Mais ce n’est pas par cette seule voie que l’opinion publique conduit les hommes à la suppression de l’ordre de choses actuel et à son remplacement par un nouveau. À mesure que les situations basées sur la violence deviennent moins séduisantes et moins ambitionnées, leur inutilité devient plus évidente.

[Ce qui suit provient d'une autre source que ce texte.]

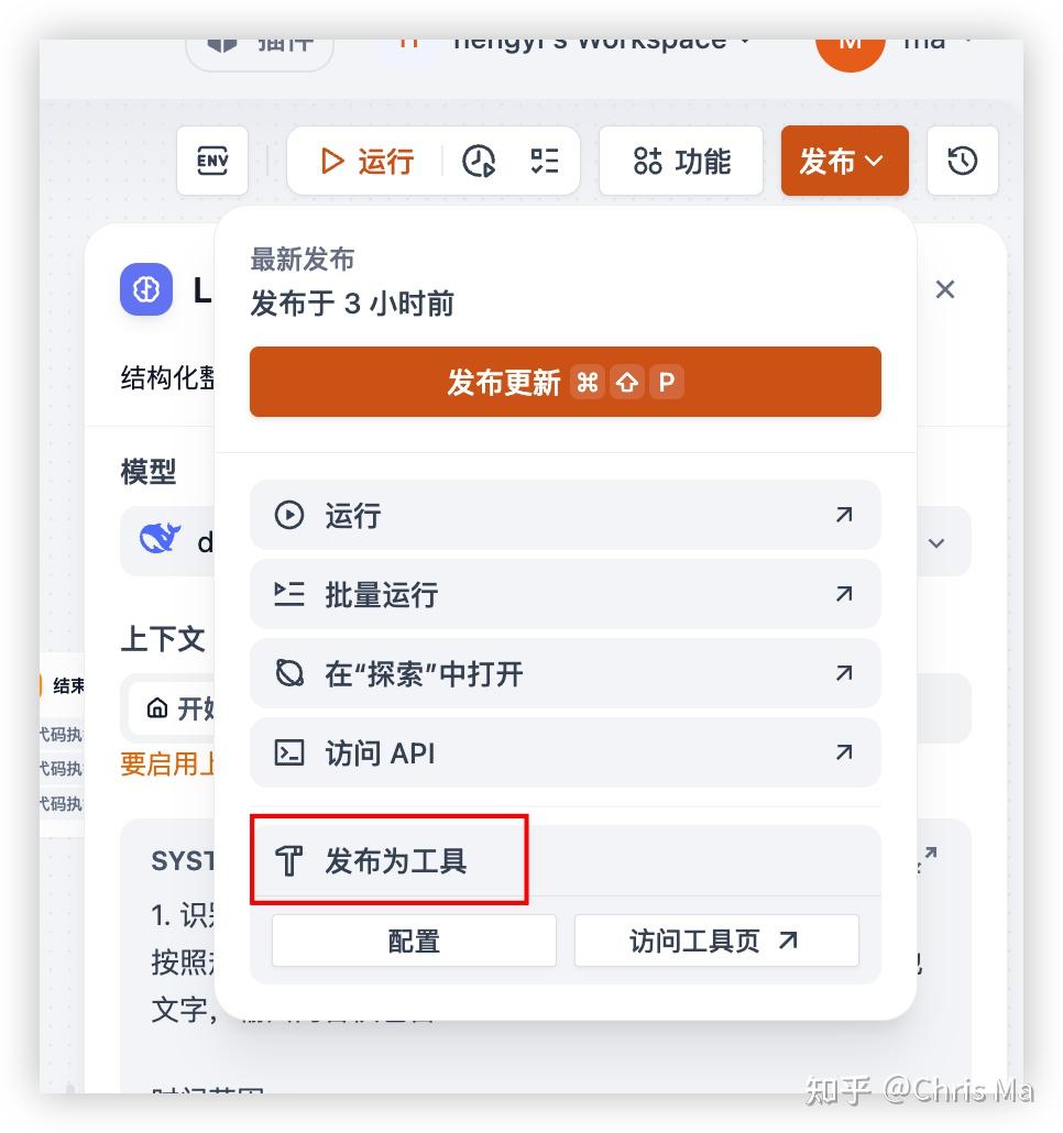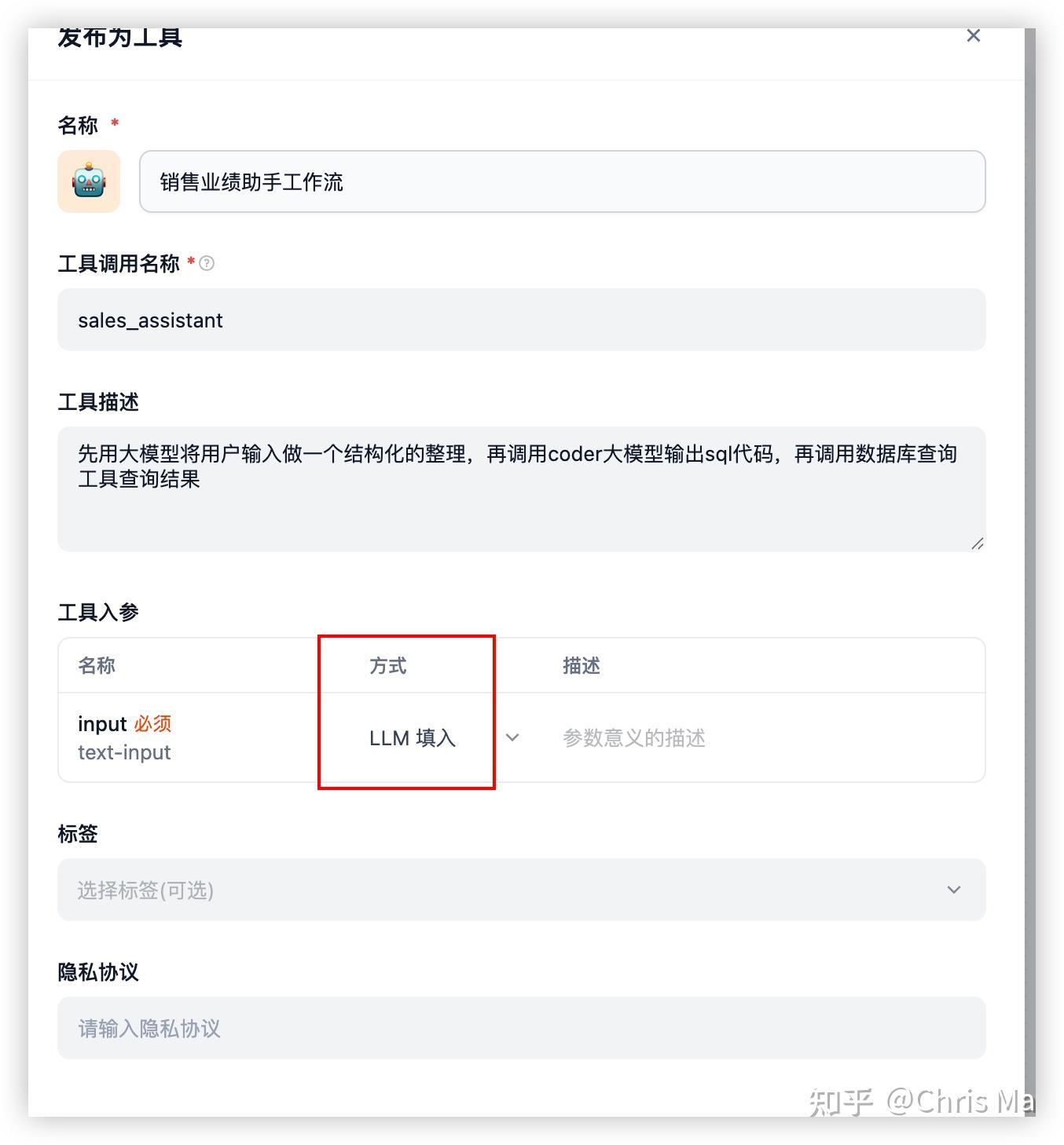 注意上图的工具入参方式,有两个选择,一个是LLM输入,一个是用户输入。我一开始选择的是用户输入,但在agent中,这个工作流不起作用,改成了LLM输入才在agent中起了作用。

Nous voyons toujours, dans le monde chrétien, les mêmes gouvernants et les mêmes gouvernements, les mêmes armées, les mêmes tribunaux, les mêmes impôts, le même clergé, les mêmes riches, propriétaires fonciers, industriels, capitalistes, mais leur situation vis-à-vis les uns des autres n’est plus la même. Les mêmes chefs d’état ont les mêmes entrevues, les mêmes rencontres, les mêmes fêtes, le même apparat ; les mêmes diplomates ont les mêmes conversations sur les alliances et sur les guerres ; les mêmes parlements discutent les mêmes questions d’Orient et d’Afrique, et les cas de guerre, et le Home Rule, et la journée de huit heures ; toujours les mêmes changements de ministères, les mêmes discours, les mêmes incidents, mais pour ceux qui s’aperçoivent comment un article de journal change parfois la situation plus que des dizaines d’entrevues de monarques et de sessions parlementaires, apparaît de plus en plus nettement que ce ne sont pas ces entrevues et ces débats parlementaires qui dirigent les affaires, mais quelque chose d’indépendant de tout cela et qui ne réside nulle part.